== The input ==

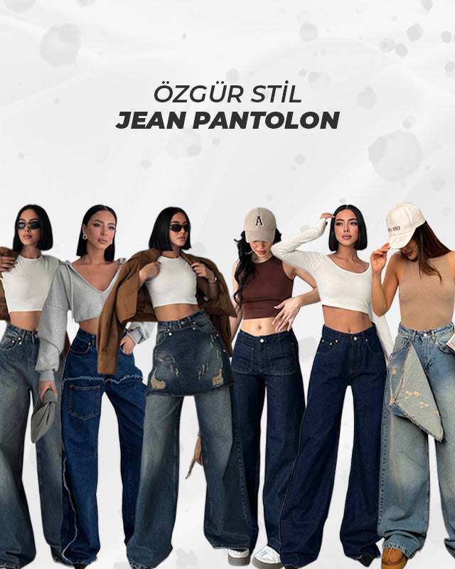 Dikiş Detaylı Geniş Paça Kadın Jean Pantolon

===
== The input ==

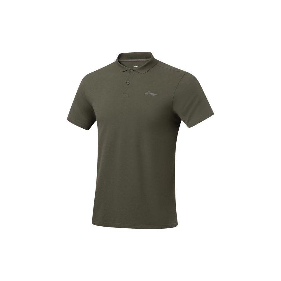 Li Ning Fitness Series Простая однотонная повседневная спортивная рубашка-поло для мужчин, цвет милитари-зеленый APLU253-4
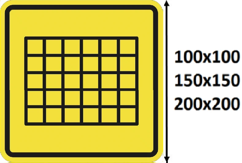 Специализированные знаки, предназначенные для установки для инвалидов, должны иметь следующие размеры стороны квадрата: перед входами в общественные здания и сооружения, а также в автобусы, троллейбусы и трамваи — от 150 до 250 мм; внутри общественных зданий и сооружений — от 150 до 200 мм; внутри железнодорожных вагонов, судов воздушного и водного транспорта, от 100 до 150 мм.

===

#### [Prompt]
Above are the records. Copy word for word only their lines from the one holding "Li Ning Fitness" through the one holding "Специализированные знаки, предназначенные", both included, and skip the images.

#### [Solution]
 Li Ning Fitness Series Простая однотонная повседневная спортивная рубашка-поло для мужчин, цвет милитари-зеленый APLU253-4
 Специализированные знаки, предназначенные для установки для инвалидов, должны иметь следующие размеры стороны квадрата: перед входами в общественные здания и сооружения, а также в автобусы, троллейбусы и трамваи — от 150 до 250 мм; внутри общественных зданий и сооружений — от 150 до 200 мм; внутри железнодорожных вагонов, судов воздушного и водного транспорта, от 100 до 150 мм.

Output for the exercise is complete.